- SUPPLIED DATA -

---+---

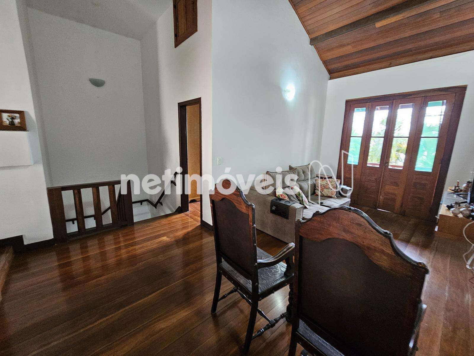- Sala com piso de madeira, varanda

---+---

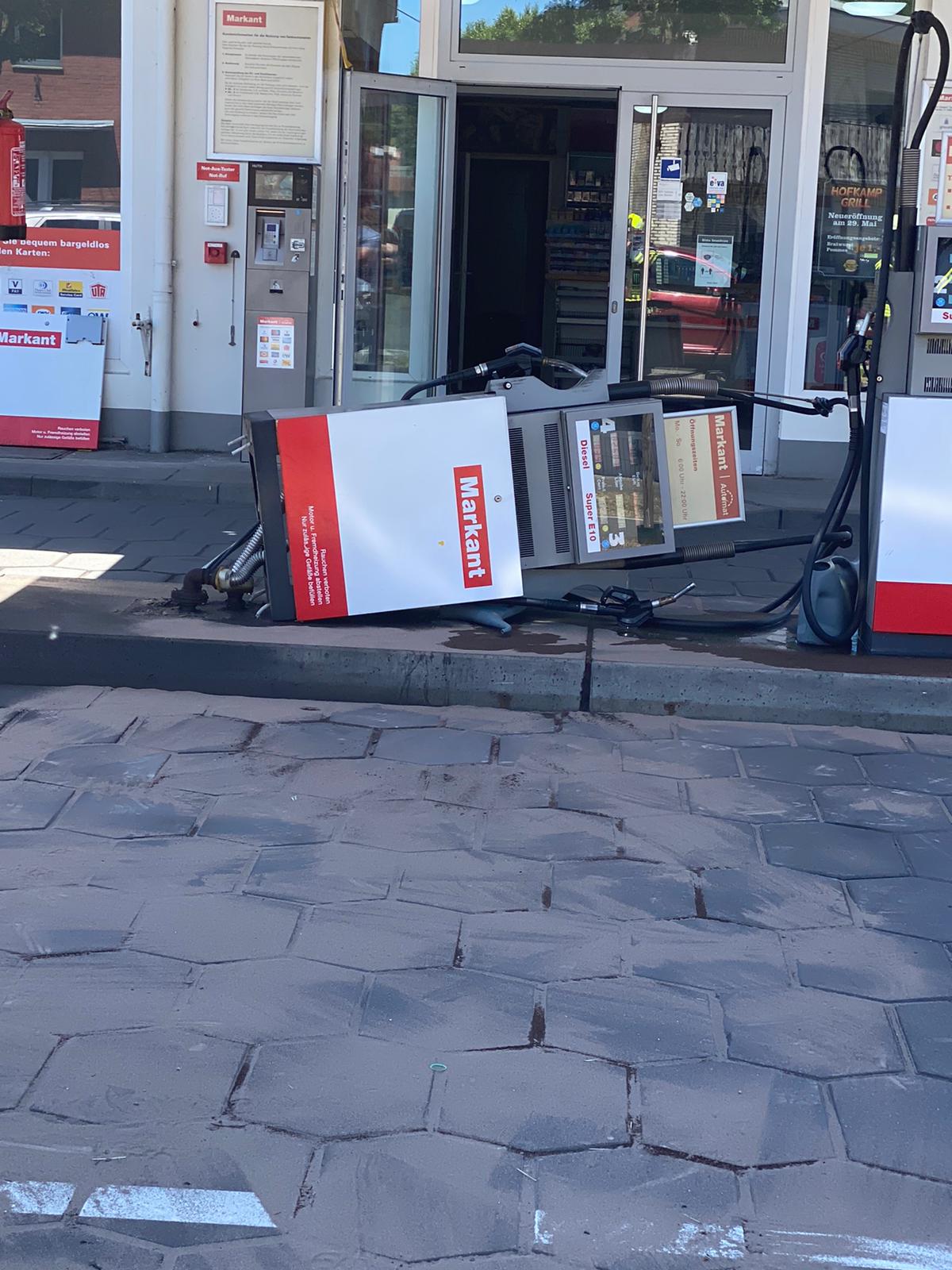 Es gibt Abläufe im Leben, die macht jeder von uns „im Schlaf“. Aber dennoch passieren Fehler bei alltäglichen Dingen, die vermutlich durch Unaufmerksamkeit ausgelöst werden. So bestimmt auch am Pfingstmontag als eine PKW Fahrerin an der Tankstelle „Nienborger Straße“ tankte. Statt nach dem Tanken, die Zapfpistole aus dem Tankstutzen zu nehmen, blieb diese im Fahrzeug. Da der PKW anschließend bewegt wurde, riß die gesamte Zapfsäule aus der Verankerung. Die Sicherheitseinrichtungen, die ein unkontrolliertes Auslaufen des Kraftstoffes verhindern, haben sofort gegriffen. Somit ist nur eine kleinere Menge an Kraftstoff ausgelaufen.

---+---

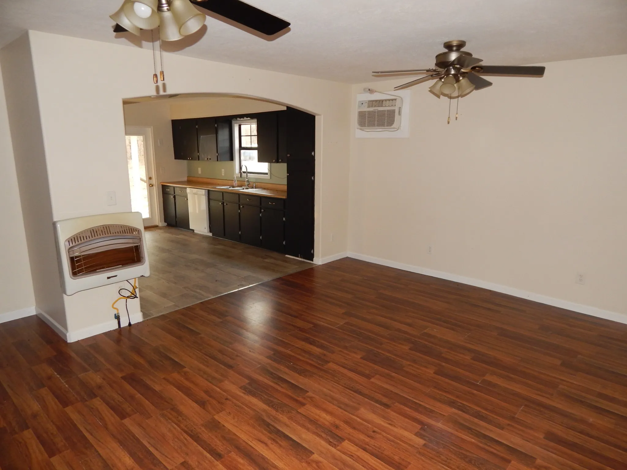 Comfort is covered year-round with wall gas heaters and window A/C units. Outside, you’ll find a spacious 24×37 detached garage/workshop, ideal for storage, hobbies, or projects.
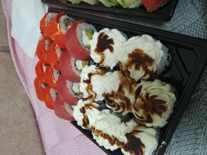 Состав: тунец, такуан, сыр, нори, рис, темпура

---+---

- ACTIVITY -
Look above for the line with "Comfort is covered" and copy exactly from it through the line with "Состав: тунец, такуан, сыр, нори, рис, темпура", both included. Omit the pictures.

- RESPONSE FOR THIS EXERCISE -
 Comfort is covered year-round with wall gas heaters and window A/C units. Outside, you’ll find a spacious 24×37 detached garage/workshop, ideal for storage, hobbies, or projects.
 Состав: тунец, такуан, сыр, нори, рис, темпура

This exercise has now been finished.